The Python client, a library to simplify the use of our API in Python.

Backend architecture

Here is the schema of our backend architecture (click to enlarge):

Our backend is written in Python. It uses a queue-worker architecture:

A web server receives the request sent to api.serenytics.com. For small requests (e.g. authentification, get my list of dashboards...), it answers itself. For larger requests (e.g. query data in a datasource, generate a PDF...), it just creates a task in the queue.
Workers compute tasks put in the queue.

Key-points about the web server:

The web server uses the Flask framework, served with Gunicorn.
Models are stored in a PostGreSQL database (we use JSON fields to store complex fields such as dashboard models).
It uses MRQ for queuing, a distributed task queue built on top of MongoDB, Redis and Gevent.
There is a cache system using a Redis database. For example, if a data query (e.g. "group sales, nb_items by country") has already been computed and is still valid, the web server will reply with this data instead of creating a task in the queue to compute the data query on the data-source (e.g. a SQL database).

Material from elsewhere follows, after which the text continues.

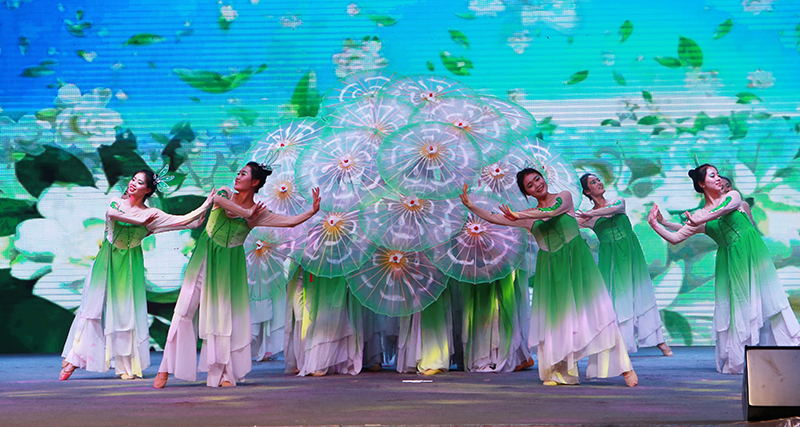 學(xué)院大學(xué)生藝術(shù)團(tuán)推送的節(jié)目詩(shī)朗誦《向祖國(guó)報(bào)告》和舞蹈《茉莉花開(kāi)》參加了文藝匯演?!断蜃鎳?guó)報(bào)告》表現(xiàn)了我院青年昂揚(yáng)向上的風(fēng)采,表達(dá)了新時(shí)代青年不忘初心,繼往開(kāi)來(lái),為實(shí)現(xiàn)中國(guó)夢(mèng)而奮斗的青春理想和堅(jiān)定信念。魯芬霞老師指導(dǎo)的《茉莉花開(kāi)》,姑娘們靈動(dòng)的身姿傾情獻(xiàn)舞,整個(gè)畫(huà)面美輪美奐,展現(xiàn)了中國(guó)舞蹈的獨(dú)特魅力,得到了觀眾的一直好評(píng)。
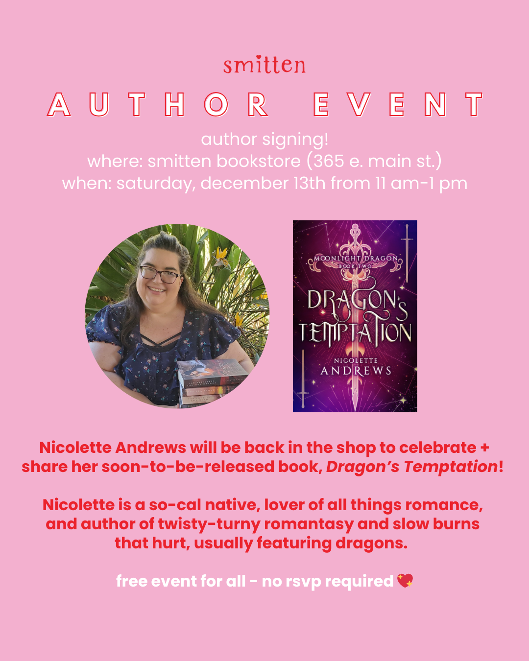 She’s back! Come get to know author Nicolette Andrews and her soon-to-be-released book, Dragon’s Temptation. Free event for all!

Key-points about the workers:

The most common task is to query a datasource connected by the user (e.g. a SQL database). For such a request, the web server has queued a job with the query details as parameters in JSON format (e.g. {'groupby':['country'], metrics:['sales', 'nb_items']}). The first job of the worker is to transform this JSON in a query understandable by the queried datasource (e.g. in SQL if the datasource is a SQL database). And then, it actually runs the generated query (e.g. the SQL query), waits for it to be executed and returns the results. This is mostly based on the SQLAlchemy library.
One particular task is the Python script (i.e. the user has written Python code directly in Serenytics). For such a task, the worker executes the Python code in a dedicated Docker container.
Some tasks can be very short (a few milliseconds), and some others may last for dozens of minutes.

Here are some tricky parts of the whole process:

In the worker, translating a JSON to a SQL query is not trivial. Especially when the input JSON contains formulas defined on the datasource. And that would be nice if SQL databases spoke the same language, but they don't (PostGreSQL SQL is close to MySQL SQL, but it's not exactly identical).
Serenytics is multi-tenant, meaning that some resources are shared among users (such as workers and data-warehouses). The web server has a policy to avoid allocating all the resources to a single user.
Data queries are cancelable (e.g. if their result is not required anymore by the client). For example, if a user opens a dashboard tab and this triggers very long queries on the Redshift data-warehouse, but after a short time, he opens another tab, we cancel the queries for the first tab to run as soon as possible the queries from the new tab.
In the web server, the choice to read a result in the cache or to compute it depends on many parameters that could invalidate the cache.

Frontend architecture

The Frontend architecture is a React/Redux application. It is mostly a CRUD (create/read/update/delete) application on the objects managed by Serenytics:

Datasources
Dashboards
Sheduled tasks

Datasources and Tasks are simple models and their CRUDing is also simple. The dashboard model is a lot more complicated and thus displaying and editing a dashboard require a more complex application.

Python client

The Python client is a simple wrapper around the Serenytics API. It is a lot simpler to use it rather than directly calling the Serenytics REST API. It provides high-level functions such as:

Send an email with a dashboard attached as a PDF.
Get data from a datasource in a Pandas dataframe.
Trigger another Serenytics script.
...

Serenytics Continuous Integration

We use a classic master-featureOnBranch git model on gitHub. Each commit trigger an integration flow based on Buildkite.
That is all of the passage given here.